SSR_percentage = (anova_vals[1,2]/(anova_vals[1,2]+anova_vals[2,2])) * 100
# 99.41% of the variation in y has been explained by the regression.
# part (c) Based on your answer in part b and on any other regression results you obtain, how well does the equation fit the data? Does a good fit ensure that forecasts for future years will be accurate?
# Based on part b and other regression results, the equation fits the data very well since this percentage is the R squared value, and a high R squared value of 99.41% tells us that 99.41% of variation in the response (New Construction) is explained by the linear relationship between Years and New Construction (in billions of dollars). However, a good fit does not ensure that forecasts for future years will be accurate. This is because the standard R squared overestimates the quality of future/out of sample predictions. Additionally, the good fit in this linear model does not imply overall causation between x and y.

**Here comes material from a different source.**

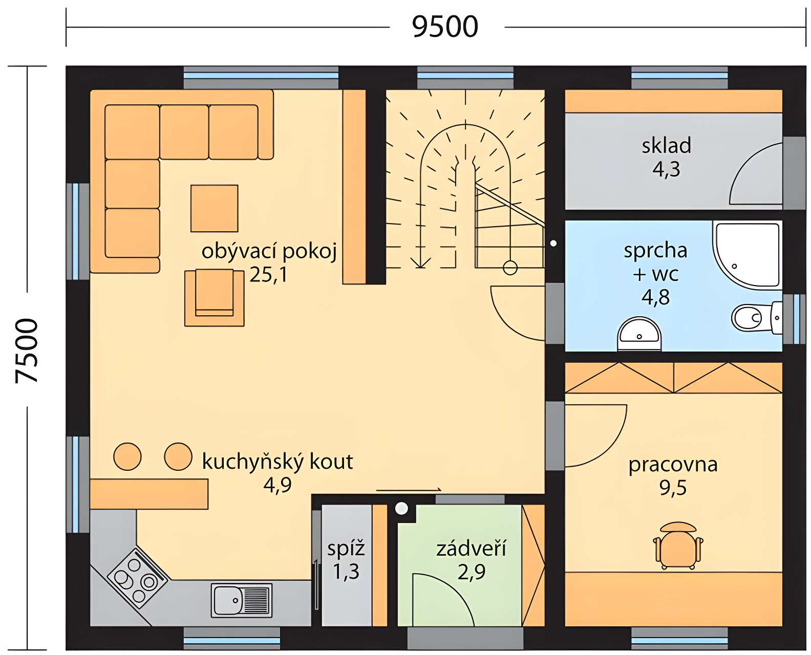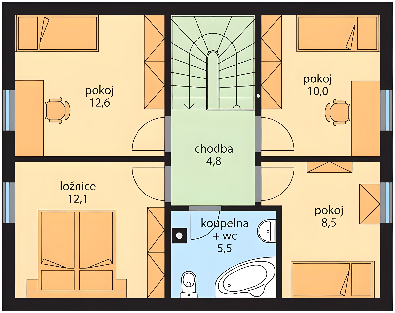 Rodinný dům Jarka je menší přízemní dům s obytným podkrovím, který v šesti obytných místnostech umožní pohodlné bydlení vícečlenné rodině. V přízemí se nachází obývací pokoj s kuchyňským koutem a pracovna, která může sloužit jako víceúčelový pokoj, např. pro hosty nebo místnost na domácí práce. V podkroví se nachází dva pokoje, ložnice a hobby místnost. Typově vhodný do rovinného i svažitého terénu. Nabízíme i v provedení dřevostvba - viz rodinný dům JARKA - D.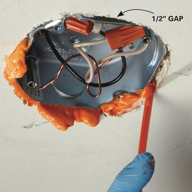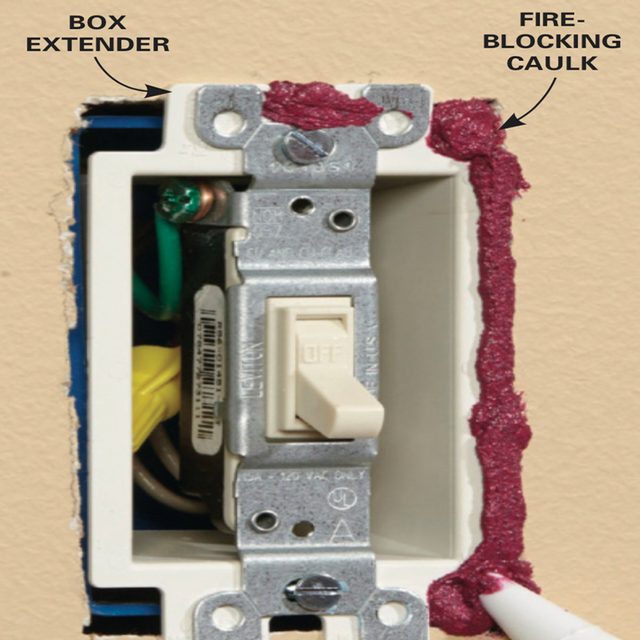 If the electrical boxes aren’t mounted flush with the drywall, adding a box extender will make them easier to seal. They’re available at most home centers for single, round and multiple-gang boxes.

The relationship within this range of values could be caused by a third variable, or it could be that y is causing x.
# part (d) Use the equation developed to predict new construction in both 2000 and 2001. Find a point prediction and a 95% prediction interval.
# Point Prediction 2000 (t = 71): y = 108961085 + 2311504(x) = 108961085 + 2311504(71) = 273077869 people
# Confidence Interval 2000: [265569416 people, 280586304 people]
new <- data.frame(year_t = 71)
predict(fit,new,interval = 'prediction')
## fit lwr upr
## 1 273077860 265569416 280586304
# Point Prediction 2001 (t = 72): y = 108961085 + 2311504(x) = 108961085 + 2311504(72) = 275389373 people
# Confidence Interval 2001: [267871988 people, 282906739 people]
new <- data.frame(year_t = 72)
predict(fit,new,interval = 'prediction')
## fit lwr upr
## 1 275389364 267871988 282906739
# part (e) How reliable do you believe the forecast in part d might be?
# I am cautionary to believe that these forecasts are very realiable due to the fact that the x values used are outside of the range of the explanatory variable used to create the linear trend model. The relationship that holds over the range 1930-1999 may be different than the one that exists from 2000 to beyond, which makes me question the reliability of these forecasts. Factors that might influence the accuracy of this model are improved medicine to help people live longer, the occurance of a war that could cause the untimely deaths of many in a short period of time, the break out of a new, unvaccinated virus, or changes in cost of living that could cause people to have more or less kids based on their income and financial stability.